> _WHAT YOU HAVE TO DO_:
Reproduce, unchanged, the lines between the one holding "Dt- Reich (008525)" and the last line of the records, including both ends, but no pictures.
[Opening INFORMATION PROVIDED section]
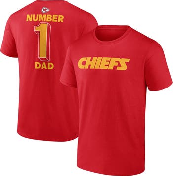 Celebrate your Kansas City Chiefs pride with this Number One Dad T-Shirt from Fanatics. This tee features a classic crew neck and soft, breathable cotton fabric, making it an easy choice for all-day comfort. The screen-printed team wordmark across the front and the team logo with "Number 1 Dad" on the back make it clear you're the ultimate Kansas City Chiefs fan.
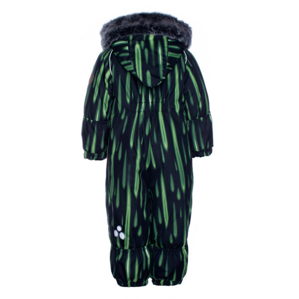 Babies’ waterproof and windproof winter overall. Breathable fabric. Flannel lining on the inside. Integrated elastic band at sleeve and leg ends and at waist on the back. Removable snap-on hood. Sleeve and leg ends can be conveniently rolled down in sizes 68–80. Waterproof taped seams. The overall has no inner leg seam. The product comes with both silicone and rubber foot straps. Faux fur trim on hood. Reflective elements on fabric.
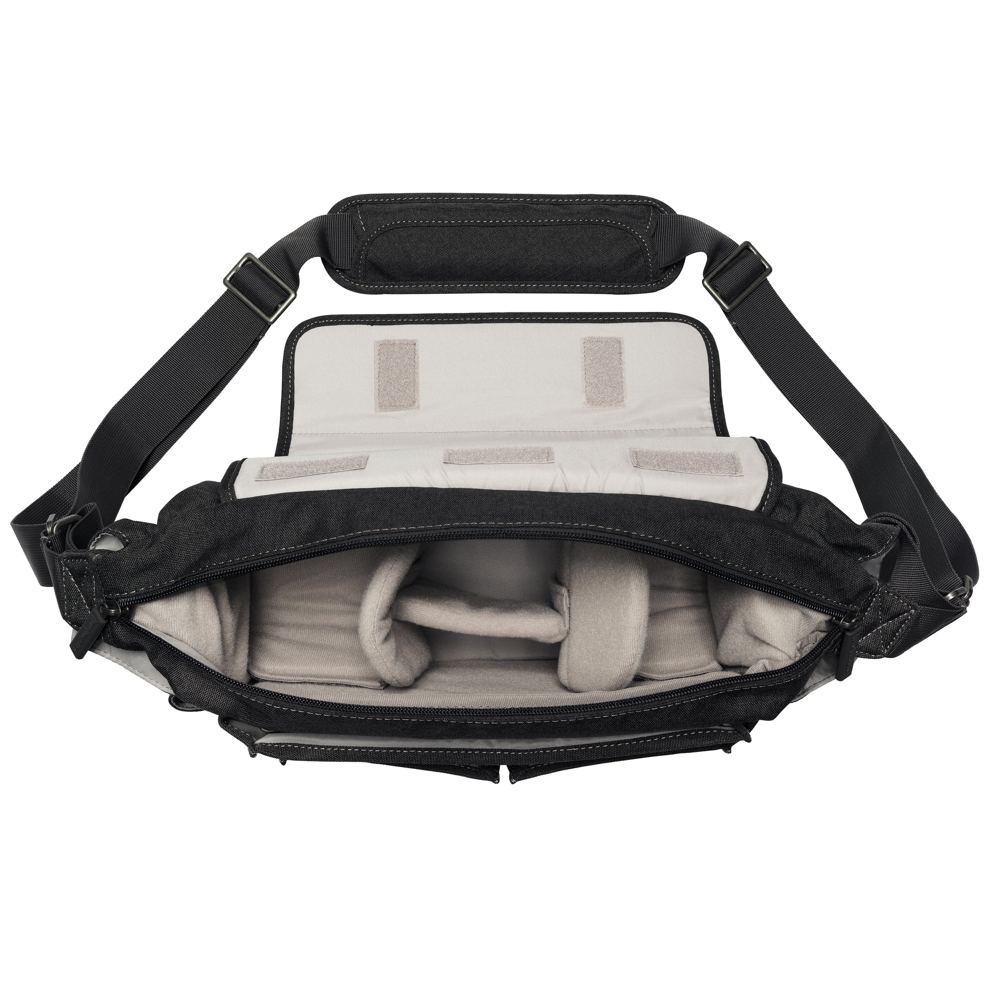 - Outside pockets make lens changes a snap.
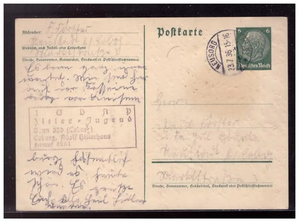 Dt- Reich (008525) Propaganda Ganzsache mit HJ Stempel Bann 330, Coburg, gelaufen Neusorg am 23.7.1936
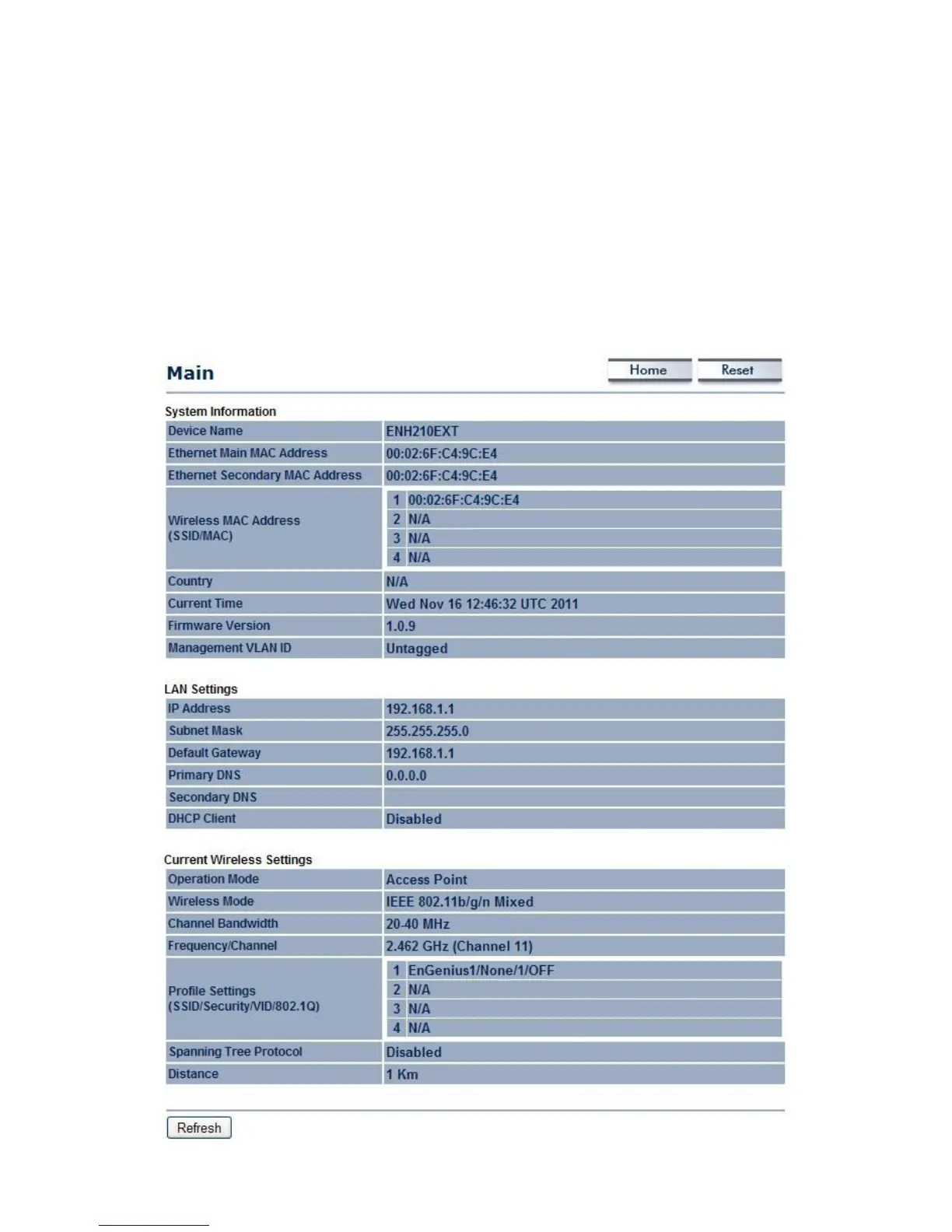 Click on the Main link under the Status side-bar menu or click Home from the top-right of
[Closing INFORMATION PROVIDED section]
> _REPLY TO THE EXERCISE_:
 Dt- Reich (008525) Propaganda Ganzsache mit HJ Stempel Bann 330, Coburg, gelaufen Neusorg am 23.7.1936
 Click on the Main link under the Status side-bar menu or click Home from the top-right of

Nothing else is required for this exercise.